§ What to do
Should the listing contain images, exclude them; give the rest again exactly.

§ Dataset excerpt
____________
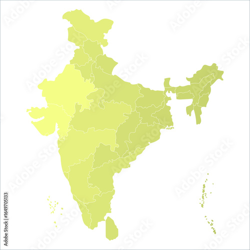 Obraz premium Printable India Map, India map showing all state borders for commercial and academic use. Indian map state coloured
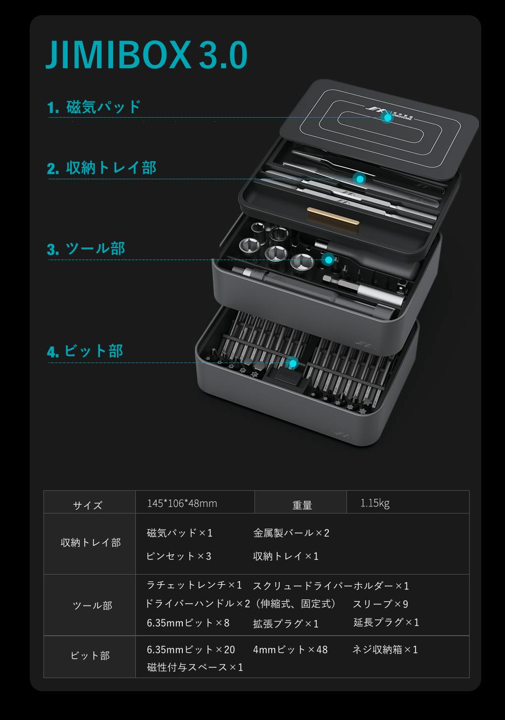 前回実施の"JIMIBOX 2.0"より、日常のDIYシーンでの使いやすさを追求し、"JIMIBOX 3.0"は以下の点が進化しています。
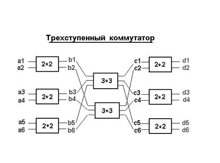 Рис. 5. Схема трехступенного пространственного коммутатора
____________
§ Exercise response
 Obraz premium Printable India Map, India map showing all state borders for commercial and academic use. Indian map state coloured
 前回実施の"JIMIBOX 2.0"より、日常のDIYシーンでの使いやすさを追求し、"JIMIBOX 3.0"は以下の点が進化しています。
 Рис. 5. Схема трехступенного пространственного коммутатора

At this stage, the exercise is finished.